Несколько записочек, которые, как мама надеялась, я должна была получить в тюрьме вместе с передачами. В каждой: «Не беспокойся, ребята здоровы, веселы. Все будет хорошо. Не беспокойся!»
Мы шествуем обратно тем же путем. В вестибюле опять тетя Юля и Мария Петровна. Им уже, наверное, сообщили, что суд отложен, и они надеются, сияют, что-то нам кричат. Что они кричат, мы не разбираем, улавливаем только: «С Новым годом! С Новым годом!»
— С Новым годом! — кричим мы в ответ. — До скорого свидания!
Господи, мы совсем и забыли, что сегодня — 31-е! Канун Нового года! Кончается год, кончаются все наши невзгоды и несчастья! Новый, 1936 год, принесет нам свободу, торжество справедливости.

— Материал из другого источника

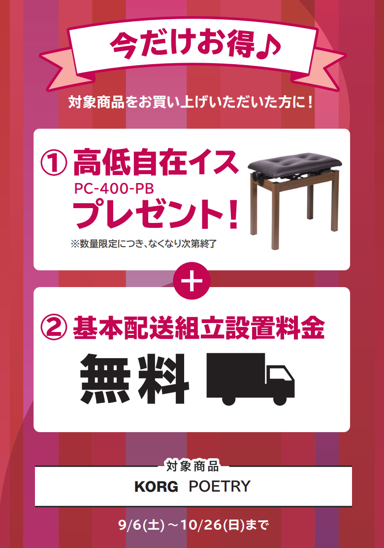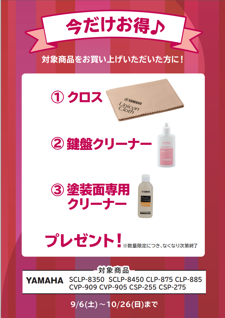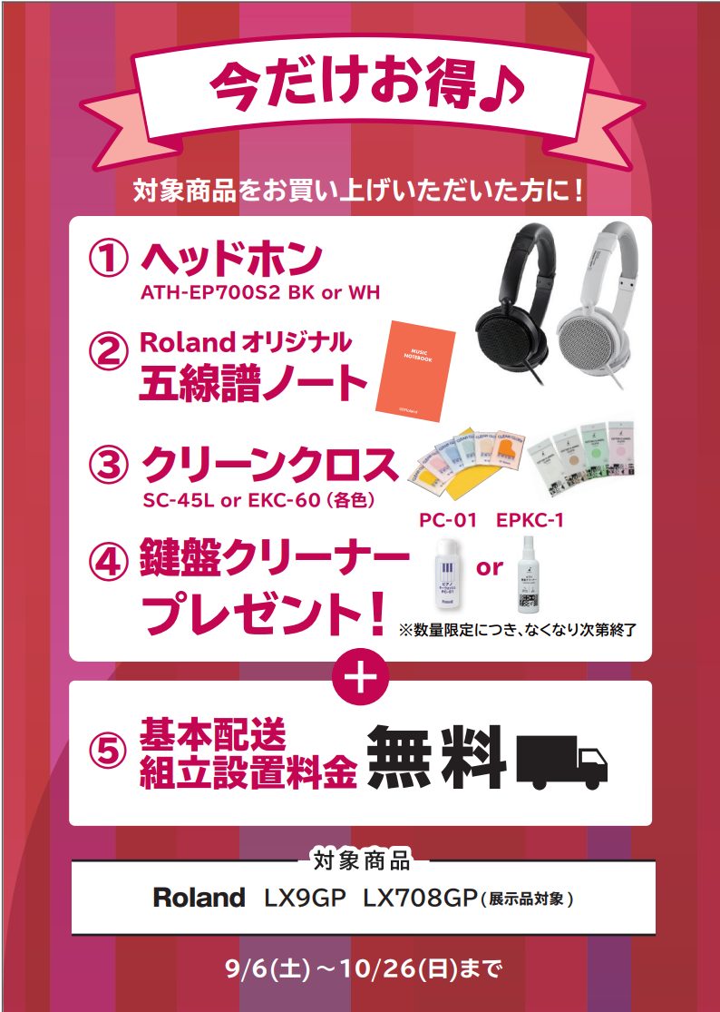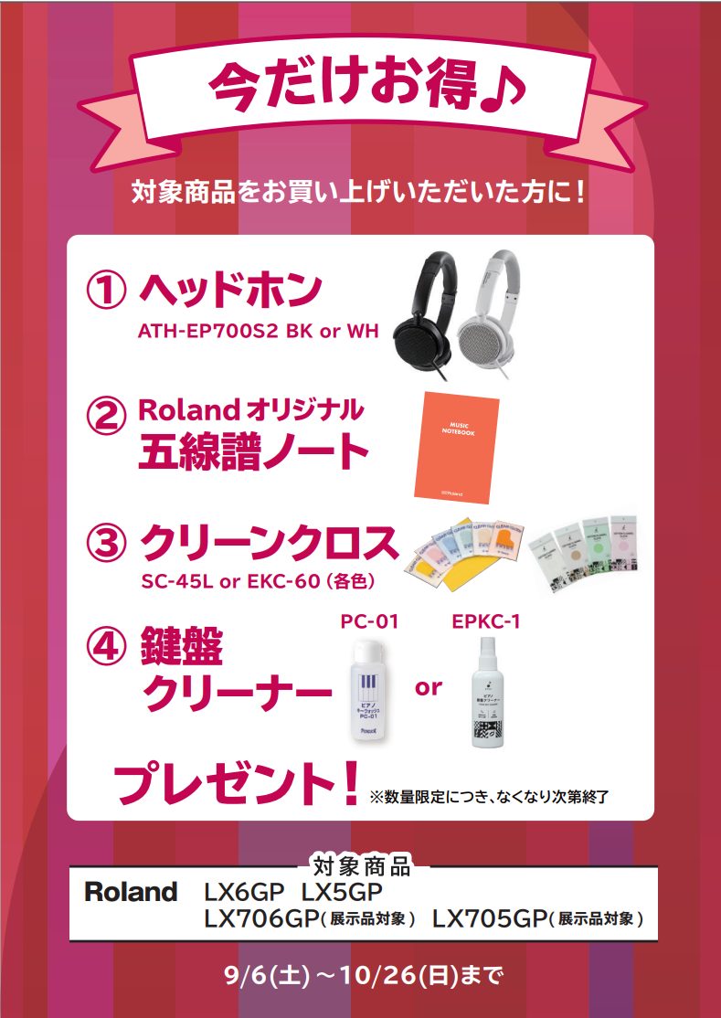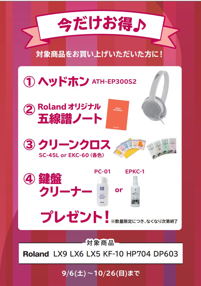 ヤマハ・カワイ・ローランド・カシオ・コルグ等主要メーカーを中心に、豪華特典を多数ご用意させていただきました。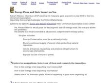 In this energy instructional activity, students read articles on the internet about energy and answer short answer questions. Students answer 10 questions total.

Мы снова сидим в том же подвальчике. Только бы подольше за нами не приезжали! Теперь мы болтаем вовсю, мы уже ничего не боимся, мы ведь почти уверенны, что будем оправданы! Нам приносят передачу — это наши милые тетушки расстарались! Огромный шоколадный торт, а в кульке — груши, виноград и апельсины.
— Ну зачем столько? Ведь сколько все это стоит!
Мы уплетаем торт и, перебивая друг друга, со всеми подробностями рассказываем о своих «приключениях».
— …Погоди, Женечка, дай мне сказать как это было.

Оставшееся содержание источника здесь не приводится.